It’s getting near the end of the year, and ’tis the season to be compiling lists.

In a few weeks you’ll be reminded of the winners and losers during the past year, of 2009 celebrity divorces and deaths, box office bonanzas and busts, and sports triumphs and tragedies. And in the spirit of the season, I’m offering a list compiled from the advice of several accounting firms as to factors that businesses should consider in making changes that will impact their 2009 tax filing, and begin the cash-planning process for the year ahead.

The recommendations come courtesy of Steven Lainoff, principal-in-charge of KPMG LLP’s Washington National Tax practice, and Jamey Rappis, director of tax at Clifton Gunderson, LLP.

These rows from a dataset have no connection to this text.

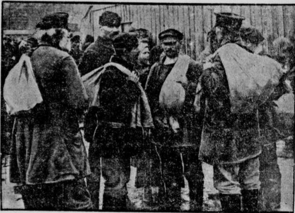
Beda ruskih kmetov raste od dne do dne. Pod pritiskom žitnih komisarjev in davčnih uradnikov so obubožale cele vasi. Kmetje zapuščajo svoje domove in gredo po svetu s trebuchom za kruhom. Na tisoče takih kmetov blodi posebno po južni Rusiji.

Jaka: »Svoje hčere mi ni hotel dati za ženo.«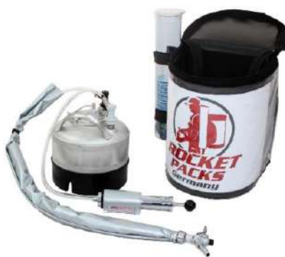
Pompe à air manuelle comme équipement sous pression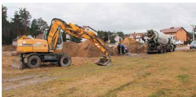
Trwają pierwsze prace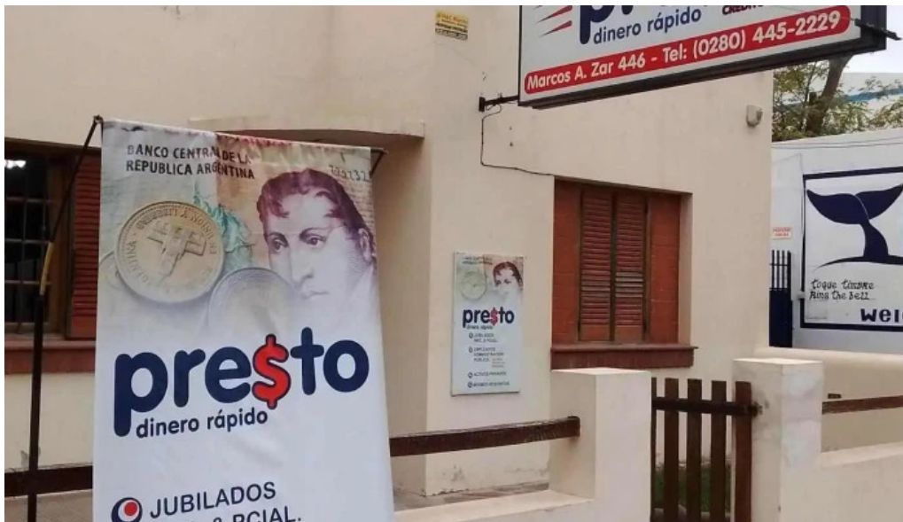
Presto madryn exterior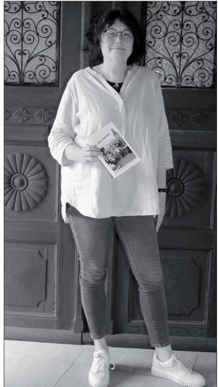
Zeven, 55 Jahre, verheiratet, zwei erwachsene Söhne

Bei normalen Anliegen wie beispielsweise Patenschein, Taufanmeldung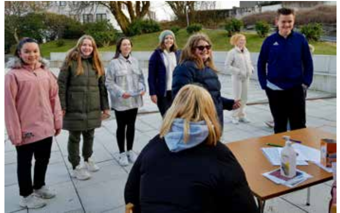
En annerledes korøving for Sanctus

Haukås Nærkirke klarte akkurat å få gjennomført konfirmantleir på Dyrkolbotn fjellstove før nedstengingen i høst, men konfirmantene i Åsane kirke har ikke fått reise bort på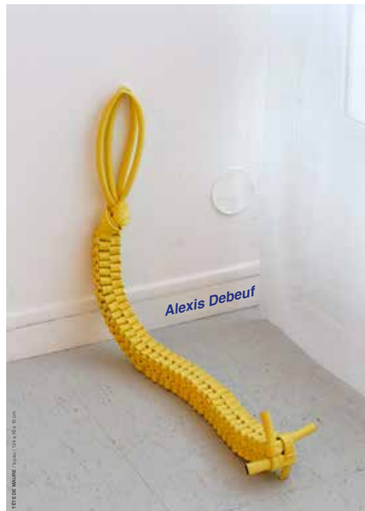
© Alexis Debeuf, Tête de maure , 2015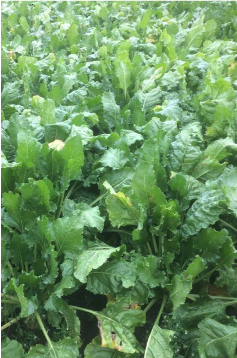
Det finns sockerbetsorter som är toleranta mot angrepp av betcystnematoden.

Det finns idag inga sockerbetsorter som är helt resistenta mot betcystnematoden, däremot finns det sorter som är toleranta mot angrepp. Nematodens uppföring är mindre i toleranta sorter än i mottagliga sorter. Vid höga nematodtätheter kan även de toleranta sorterna skadas. Odling av toleranta sorter har blivit den viktigaste åtgärden mot betcystnematoden. Nackdelen med att sorterna "bara" är toleranta är att de kan lämna efter sig höga nematodtätheter jämfört med om sorterna varit resistenta.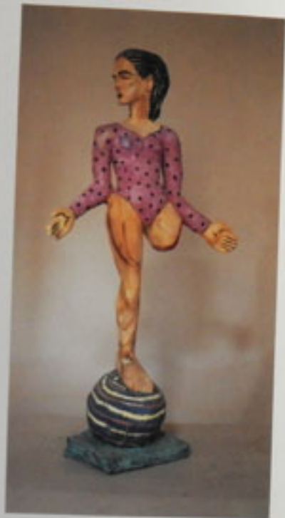
4. Der Körper-Gut Linde, 1982 Höhe 130 cm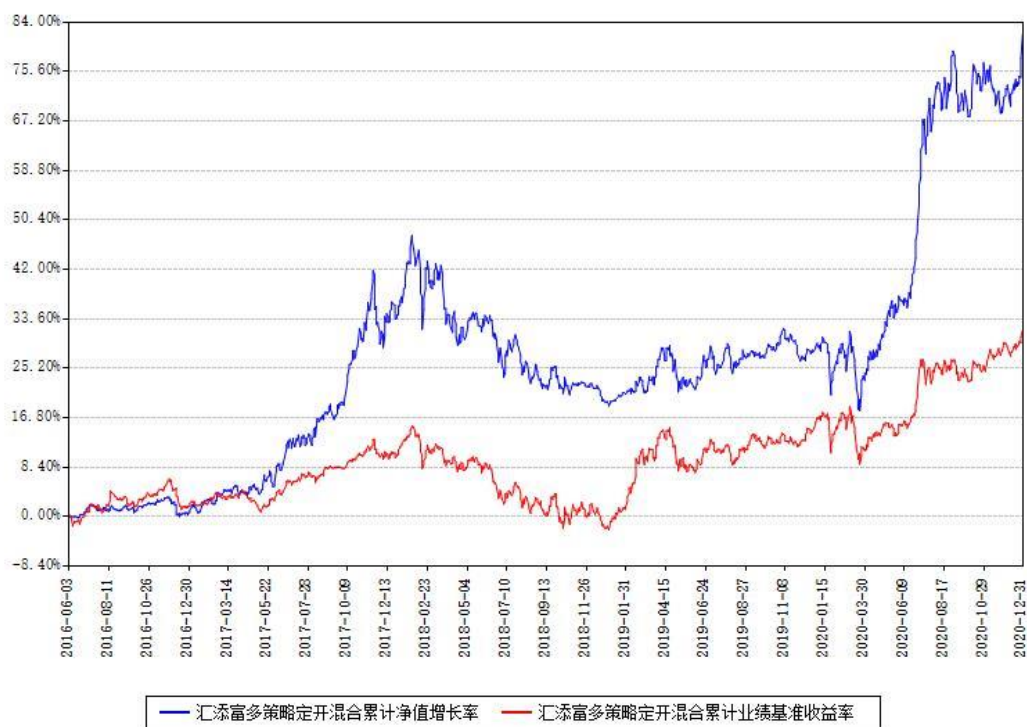
汇添富多策略定开混合累计净值增长率与同期业绩基准收益率对比图

注：本基金建仓期为本《基金合同》生效之日（2016年06月03日）起6个月，建仓期结束时各项资产配置比例符合合同约定。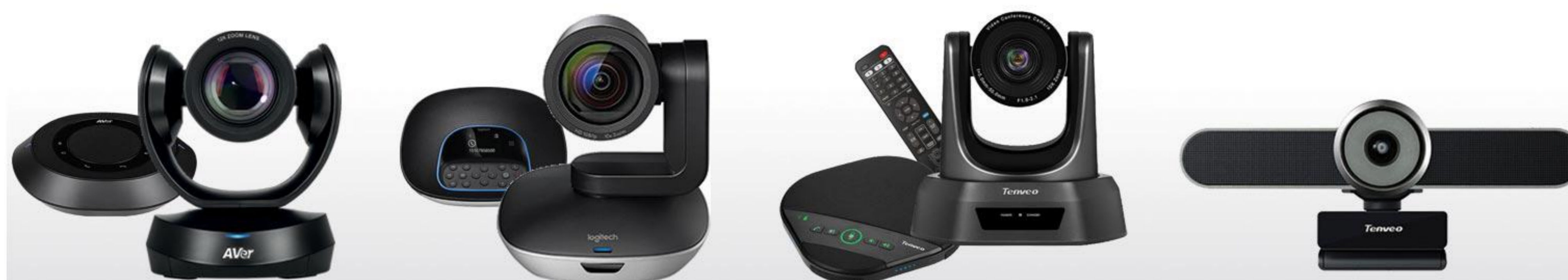
جدول فنی وبکم های کنفرانس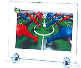
#156 | Targa in cristallo con astuccio 21X15cm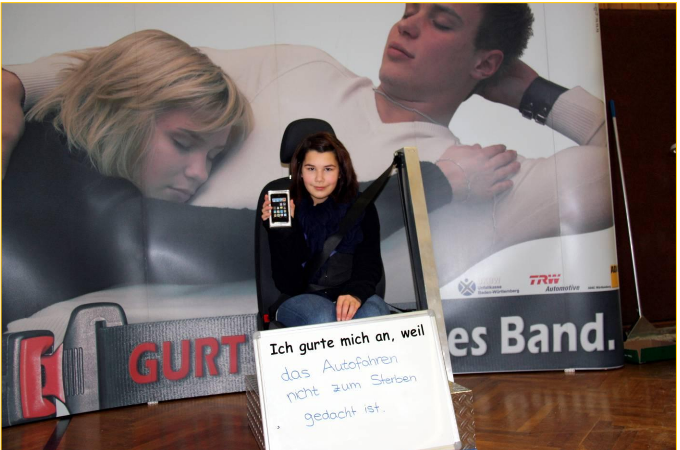
Gewinnerin eines iPod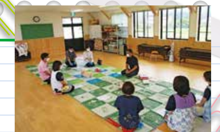
救急法の講習を実施しました

れました。参加者からも「和やかな雰囲気と少しの緊張感の中、大事なことが学べて子育てをする上で少し自信につながった」との声をいただきました。上江保育園家庭教育学級では、子育ての悩みを気軽に相談できて、子どもたちの成長を喜び合い、一緒に成長していける場でありたいと思っています。これから先、どこまで活動範囲を広げられるか分かりませんが、園児、保護者と一緒に楽しめる活動を行ってまいります。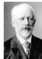
Piotr Ilitch TCHAIKOVSKI

“As companies confront a very challenging year, their tax positions could be affected by decisions they make in order to weather the economic situation,” said Lainoff. “In addition, Washington extended some lifelines this year via new tax provisions to help companies, and these tax opportunities should certainly be explored before year-end.”

Lainoff recommends that companies should check with their tax advisors to determine if the following 2009 tax considerations, among others, may apply as they prepare for the upcoming tax-filing season and as the cash planning process for the New Year begins.

1. Explore opportunities for tax refunds. Depending on a company’s anticipated tax liability for 2009, it may be able to obtain a refund of all or part of its estimated federal taxes for 2009 prior to filing its 2009 return. If a company’s deductions exceed its income in 2008 or 2009, the possibility of securing a refund of taxes paid in prior years should be explored, as recent legislation allows almost all taxpayers to carry a loss from either 2008 or 2009 (but not both) as far back as five years earlier. This can provide a quick infusion of cash for qualifying companies that had taxable income in previous years.

2. Check the performance of the company’s investment portfolio. Companies with stock or security investments that became worthless in 2009 should investigate the option of claiming a deduction. The worthless stock (or security) deduction must be claimed in the year in which the investment becomes wholly worthless; if certain requirements are satisfied, this may result in an “ordinary” rather than capital loss. Because an ordinary loss (as contrasted with a capital loss) can offset ordinary income, it is generally more advantageous for companies in the current economic environment to have ordinary rather than capital losses.

3. Consider deferring income from a corporate debt repurchase. Companies that may have repurchased, exchanged or modified their own outstanding debt in 2009 (or intend to do so in 2010), should look into the possibility of deferring any income resulting from the transaction. This provision from the American Recovery and Reinvestment Act of 2009 allows qualifying companies to defer recognition for a limited period of time on all or a portion of their "cancellation-of-indebtedness" income when they reacquire an applicable debt instrument.

4. Review the impact of the economy on transfer pricing and other compliance matters. For example, companies conducting international trade or manufacturing should consider undertaking a thorough review of transfer pricing and trade and custom activities before the end of the year. The substantial changes in economic conditions, business structures and transfer-pricing regulations have the potential to leave companies exposed to audits by regulators in these areas and to create challenges for future development. Companies should review results of intercompany transactions in relation to tax regulations and consult with their tax and customs advisors regarding potential needs for adjustments and or additional documentation.

5. Ensure compliance with the many state and local tax changes enacted in response to the ongoing economic crisis. Some of these include expanded nexus standards, more comprehensive provisions restricting deductions for expenses paid to affiliates, rate increases or the adoption of surtaxes, and limitations placed on the use of certain business credits and net operating losses. In addition, taxpayers will need to pay careful attention to the states’ reactions to federal stimulus legislation, specifically, whether states have decoupled from federal law changes such as bonus depreciation and net-operating loss carryback provisions.

Planning is more complicated this year due to the economic turmoil coupled with the need for state and federal governments to generate funds, according to Rappis.

To minimize the tax burden on a business, he advised accelerating capital-purchasing plans and taking advantage of increased expensing limits; taking advantage of credit offered for increasing research and development activities; accelerating buying plans and taking advantage of bonus depreciation deductions; and cleaning up the balance sheet to remove uncollectible debt and dispose of or donate obsolete inventory.